Deformation behavior of metallic glass composites reinforced with shape memory nanowires studied via molecular dynamics simulations

D. Sopu,1 M. Stoica,1,2 and J. Eckert1,3

1IFW Dresden, Institutfur Komplexe Materialien, Helmholtzstr. 20, D-01069 Dresden, Germany 2Politehnica University ofTimisoara, P-ta Victoriei 2, RO-300006 Timisoara, Romania 3TU Dresden, Institutfur Werkstoffwissenschaft, D-01062 Dresden, Germany

(Received 27 March 2015; accepted 19 May 2015; published online 28 May 2015)

Molecular dynamics simulations indicate that the deformation behavior and mechanism of Cu64Zr36 composite structures reinforced with B2 CuZr nanowires are strongly influenced by the martensitic phase transformation and distribution of these crystalline precipitates.
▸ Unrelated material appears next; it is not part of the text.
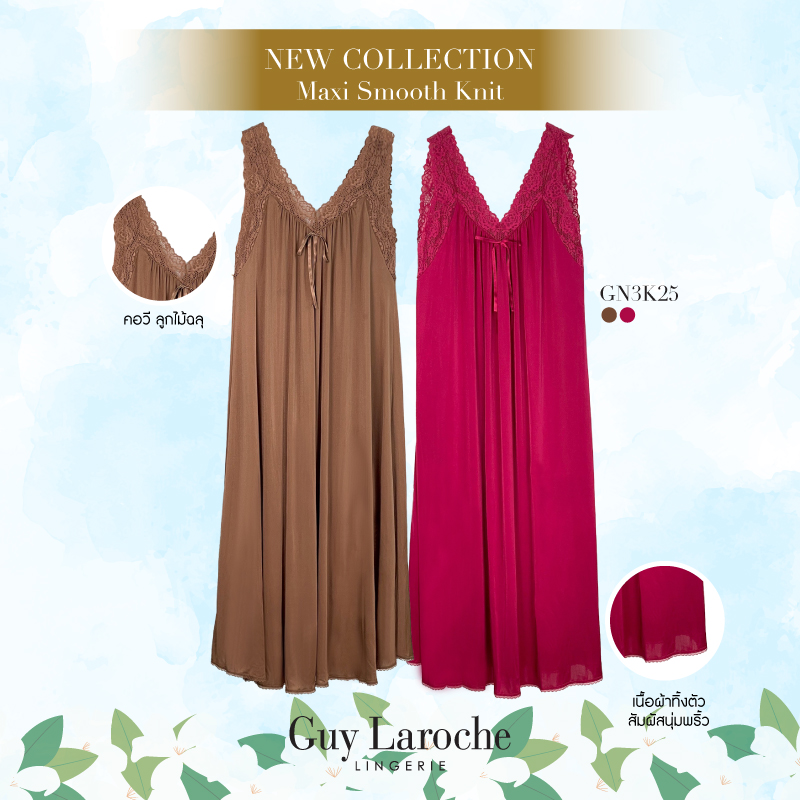 Guy Laroche Lingerie (กีลาโรช ลองเจอเรย์) แบรนด์ชุดนอนจากประเทศฝรั่งเศส ในเครือโอซีซี กรุ๊ป ชวนสาวๆบอกรักคุณแม่ด้วยชุดนอนที่ใส่สบายที่สุด Maxi Smooth Knit (แมกซี่ สมูทนิต) ผ้าสมูทนิต ลิขสิทธิ์เฉพาะกีลาโรช ฝรั่งเศส ให้สัมผัสนุ่มลื่น เย็นสบายผิว เนื้อผ้ามีความเงางาม ทิ้งตัวสวย ไม่ระคายเคืองผิว ช่วยให้คุณได้หลับสบายในทุกค่ำคืน กับดีไซน์คอวีประดับลูกไม้ละเอียดอ่อนเพิ่มความหรูหรา จำหน่ายในราคา 3,990 บาท

When nanowires are distributed in the glassy matrix along the deformation direction, a two-steps stress-induced martensitic phase transformation is observed. Since the martensitic transformation is driven by the elastic energy release, the strain localization behavior in the glassy matrix is strongly affected. Therefore, the composite materials reinforced with a crystalline phase, which shows stress-induced martensitic transformation, represent a route for controlling the properties of glassy materials. © 2015 AIP Publishing LLC. [http://dx.doi.org/10.106371.4921857]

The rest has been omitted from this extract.